Hinter Lisa schluchzte ein Mädchen aus ihrer Klasse. Alle waren gekommen und standen in einem Pulk zusammen. Sämtliche Mitschülerinnen und Mitschüler, viele Lehrer. Gerhard Ludes, ihr Geschichtslehrer, stand mit gesenktem Kopf ein paar Meter neben ihr. Er war blass und sah ziemlich fertig aus.

Ja, alle waren da. Nur er nicht. Wieder einmal füllten sich Lisas Augen mit Tränen, aber anders als zuvor rührten sie nicht von der Trauer um Vanessa. Diesmal war es blanke Wut. Die Umgebung zerfloss zu einem konturlosen Durcheinander aus Schwarz-Weiß-Tönen. In einer fahrigen Bewegung wischte Lisa sich mit dem Handrücken über die Augen und versuchte, sich auf etwas anderes zu konzentrieren.

Schräg gegenüber stand Vanessas Familie. Eine dunkle Sonnenbrille verdeckte die Augen der Mutter. Sie hatte den Kopf ein wenig gesenkt, sodass die langen Haare wie ein dunkler Vorhang zu beiden Seiten des Gesichts nach vorne fielen. Ihre Schultern zuckten in unregelmäßigen Abständen, während sie ein Taschentuch gegen Mund und Nase gedrückt hielt. Daneben bemühte sich Vanessas Vater mit starrem Gesicht um Haltung. Seine Hände lagen auf Leons Schultern, und es war nicht zu erkennen, ob er seinen zehnjährigen Sohn festhielt oder sich bei ihm abstützte.
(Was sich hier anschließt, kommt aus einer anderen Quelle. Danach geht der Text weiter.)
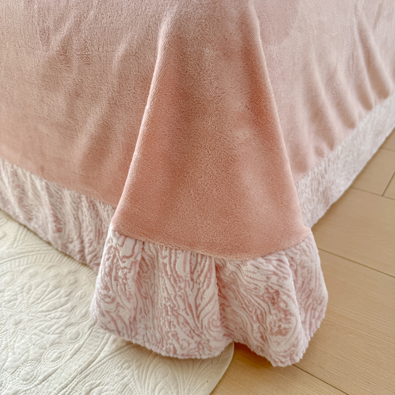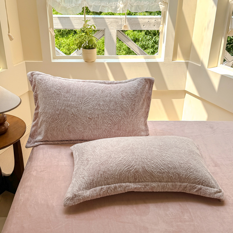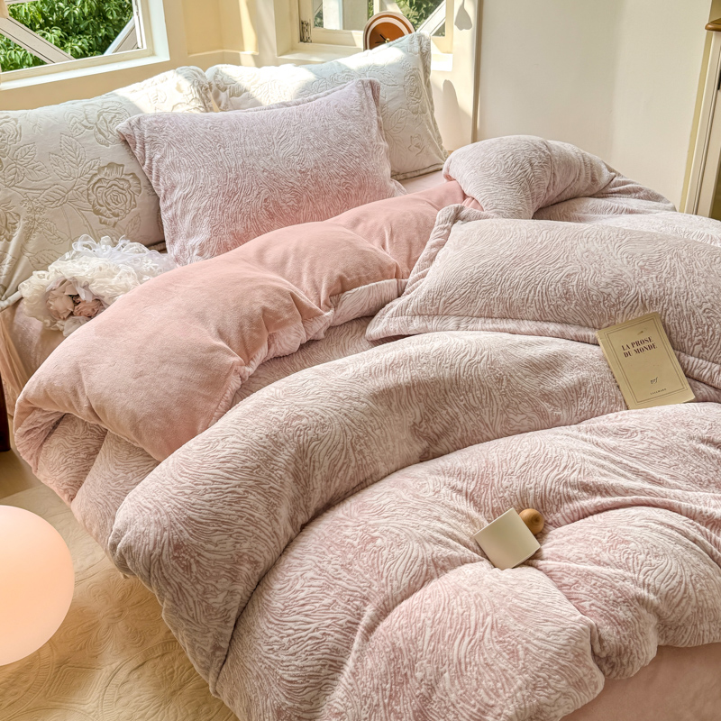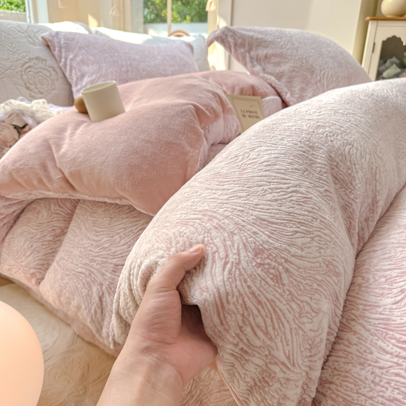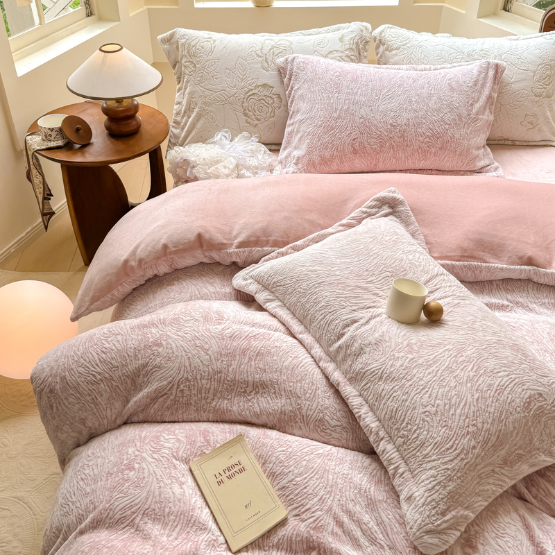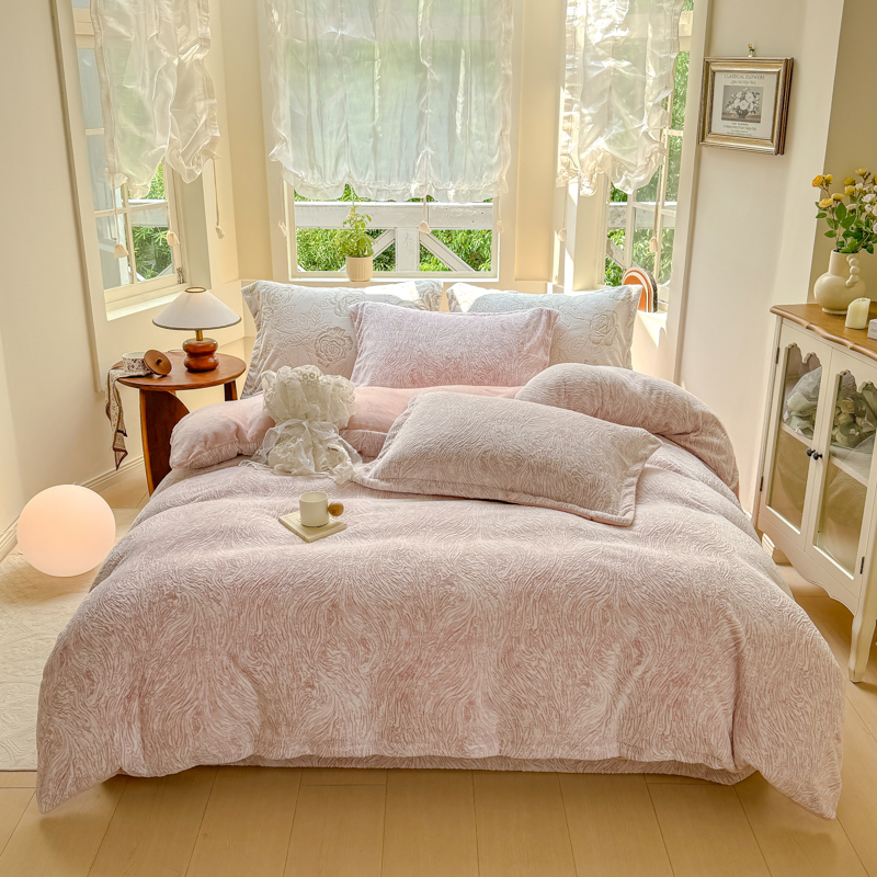 商品名称:梦莱斯 2024新款雕花牛奶绒四件套 肌理纹-奈雪粉

Der Pfarrer beendete seine Predigt und machte ein paar Schritte vom Grab zurück. Vier Männer in schwarzen Anzügen traten nach vorne. Als sie Vorbereitungen trafen, den Sarg in die Grube hinabzulassen, wandte Lisa sich ab.

Sie ging an Mitschülern vorbei, die ihr fragende Blicke zuwarfen, ging nach links. Weg vom Grab und von der Kiste, in der Vanessa lag. Weg von diesen Menschen, die Vanessa gekannt und doch nicht gewusst hatten, wer sie war und was sie bewegte. Was sie in den Tod getrieben hatte.

Als Lisa die hinteren Reihen passierte, stellte ihre Mutter sich ihr in den Weg. „Wo willst du hin?“, raunte sie ihr zu. „Möchtest du Vanessas Eltern nicht dein Beileid ausdrücken?“

„Das habe ich schon getan. Ich möchte nicht dabei zusehen, wie sie Vanessa in dieses Loch stecken.“

„Und was ist mit einem Abschied am Sarg?“

Lisa warf einen schnellen Blick zurück und schüttelte energisch den Kopf. „Sie weiß auch ohne diese Show, dass sie mir fehlt.“

Lisas Weg führte sie an engen Grabreihen vorbei. Sie ignorierte die lange Parade aus Steinen, Engeln und Kreuzen auf den Gräbern ebenso wie das Auto ihrer Mutter vor dem Ausgang. Sie hatte keine Lust, auf dem Heimweg wieder mit nervigen Fragen konfrontiert zu werden. Oder überhaupt zu reden. Sie wollte einfach nur alleine sein.

An dem kleinen Park hinter der ersten Kreuzung blieb sie stehen. Die beiden Holzbänke darin waren ein beliebter Treffpunkt für Jugendliche. Man stand dort zusammen, alberte rum, quatschte, hörte Musik. Sie war oft mit Vanessa dort gewesen. Zwischen üppigen Büschen hindurch konnte man die Stelle vom Gehweg aus sehen.

Lisas Blick heftete sich auf eine der beiden Bänke. Von ihrem Standort aus konnte sie es nicht erkennen, aber sie wusste, die hölzerne Rückenlehne war übersät mit eingeritzten Namen, Herzen und Symbolen. Irgendwo im oberen Bereich hatten sich auch Vanessa und sie mit ihren Anfangsbuchstaben verewigt.

V+L stand da, und darunter friends forever.

Das war im letzten Sommer gewesen. Die Erinnerung an diese unbeschwerte Zeit überkam Lisa mit solcher Wucht, dass sie glaubte, ihre Freundin wieder dort sitzen zu sehen. Wie immer auf der Kante der Rückenlehne, die Füße in den gelben Vans auf der Sitzfläche, die Hände seitlich abgestützt. Und wie meist lachte sie und schüttelte dabei so wild den Kopf, dass ihre langen, blonden Haare flogen.

Ohne darüber nachzudenken drückte Lisa sich zwischen den Büschen hindurch, überquerte ein kleines Rasenstück und stand dann vor der Bank. Die eingeritzten Initialen fand sie sofort wieder. Sie strich mit einem Finger vorsichtig über die Vertiefungen. Auf dem Anfangsbuchstaben von Vanessas Namen ließ sie die Fingerkuppe eine Weile ruhen und schloss die Augen.